From ESRI StoryMaps to `sf` Objects

Digging into the code using Developer Tools reveals the magical API endpoint: https://services.arcgis.com/3xOwF6p0r7IHIjfn/arcgis/rest/services/Kurdistan1947Boundaries

We could wrestle with ESRI’s API, but, there’s an even more fun way, which I learned about via this blog post. Reading that will lead you on to the pyesridump library, which I use within Python to download the layers of that StoryMap as .geojson files.

The details of how pyesridump converts ESRI StoryMap Features into “standard” WKT Geometries can be fun to learn but are a bit outside of the scope of this writeup.

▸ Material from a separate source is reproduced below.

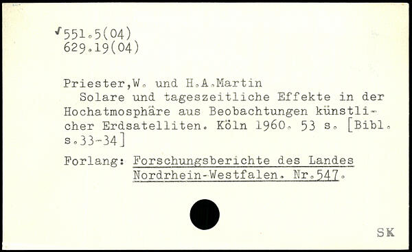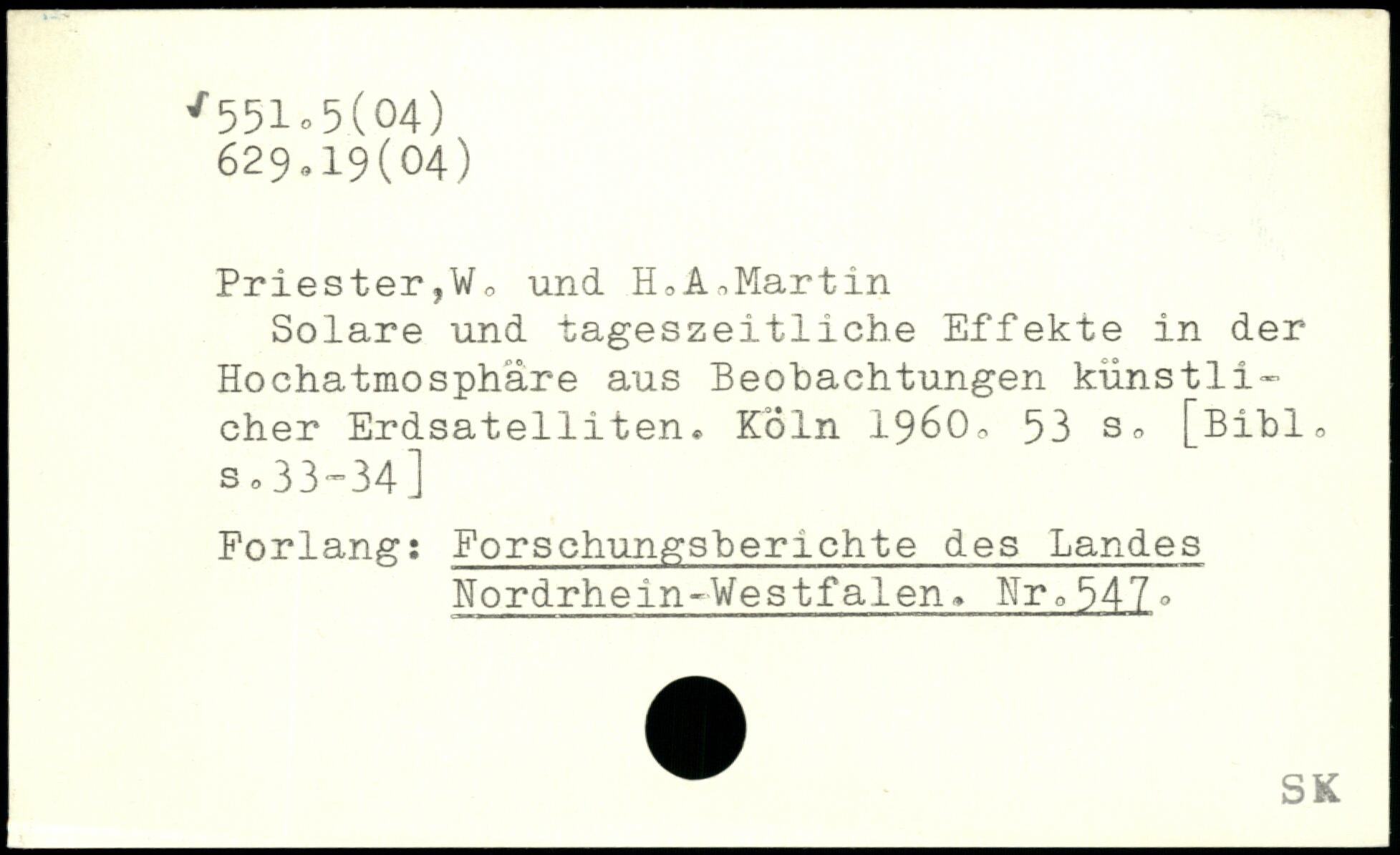 Priester,W,, und H,A,Martin Solare und tageszeitliche Effekte in der Hochatmosphäre aus Beobachtungen künstlicher Erdsatelliten

But, from the following output you can see that ESRI Features can contain the WKT geometry types we’ve seen (like POINT, LINESTRING, or POLYGON), and in this case the feature we download does indeed correspond to a collection of POLYGONs (here we print just its first coordinate):

ESRI Type: Feature
ESRI Properties: {'OBJECTID': 1, 'area': 41360557.05027756, 'Shape__Area': 413605942350.6803, 'Shape__Length': 4362383.882545892}
Geometry Type: Polygon
First Coordinate: [37.6952778, 39.2168218]

Source: Scraping Data from ArcGIS StoryMaps

The remainder of the lab uses these files, along with rnaturalearth!

Now Modern Border Geoms

library(tidyverse) |> suppressPackageStartupMessages()
library(sf) |> suppressPackageStartupMessages()
library(rnaturalearth) |> suppressPackageStartupMessages()
library(mapview) |> suppressPackageStartupMessages()

country_list <- c(
  "Turkey",
  "Iran",
  "Iraq",
  "Syria"
)
countries_sf <- rnaturalearth::ne_countries(
  scale=50,
  type="countries",
  country=country_list
)

From among allll the variables in countries_sf, we’re only going to need geounit and (later) pop_est!

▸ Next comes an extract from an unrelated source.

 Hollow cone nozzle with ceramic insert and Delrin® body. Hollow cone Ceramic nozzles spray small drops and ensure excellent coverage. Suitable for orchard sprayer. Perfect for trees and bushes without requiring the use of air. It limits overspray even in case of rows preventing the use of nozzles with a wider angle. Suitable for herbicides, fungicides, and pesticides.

countries_sf <- countries_sf |>
  select(geounit, pop_est)

countries_map <- mapview(
  countries_sf,
  zcol='geounit'
)
countries_map

And now the 1946 .geojson file, from the ESRI StoryMap, as discussed above!

print(getwd())

[1] "/Users/jpj/gtown-local/ppol6805/writeups/interpolation"

if (endsWith(getwd(), "ppol6805")) {
  setwd("./writeups/interpolation/")
}
krd_sf <- sf::st_read("data/krd_46.geojson") |>
  mutate(label="Kurdistan 1946")

Reading layer `krd_46' from data source 
  `/Users/jpj/gtown-local/ppol6805/writeups/interpolation/data/krd_46.geojson' 
  using driver `GeoJSON'
Simple feature collection with 1 feature and 4 fields
Geometry type: POLYGON
Dimension:     XY
Bounding box:  xmin: 36.25249 ymin: 31.58789 xmax: 50.9462 ymax: 40.05815
Geodetic CRS:  WGS 84

krd_map <- mapview(krd_sf, zcol='label')
krd_map

countries_map + krd_map

Part 2: Areal-Weighted Interpolation for “Division”

First: Splitting KRD

Intersects as the default predicate… not very helpful here!

default_sf <- countries_sf[krd_sf,]
mapview(default_sf)

But, intersection, via st_intersection(), does give us what we want!

# inter_sf <- st_as_sf(st_union(st_intersection(countries_sf, krd_sf)))
inter_sf <- st_intersection(countries_sf, krd_sf)

Warning: attribute variables are assumed to be spatially constant throughout
all geometries

mapview(inter_sf)

New Name Column

inter_sf <- inter_sf |> mutate(
  krd_name = paste0(geounit, " Kurdistan")
)

Now let’s view the four rows of the sf object individually:

mapview(inter_sf[1,], zcol='krd_name')

mapview(inter_sf[2,], zcol='krd_name')

mapview(inter_sf[3,], zcol='krd_name')

mapview(inter_sf[4,], zcol='krd_name')

…And All at Once

mapview(inter_sf, zcol='krd_name')

Very cool, but, we haven’t taken population into account at all, which was the whole point of this exercise… spatial join / interpolation time!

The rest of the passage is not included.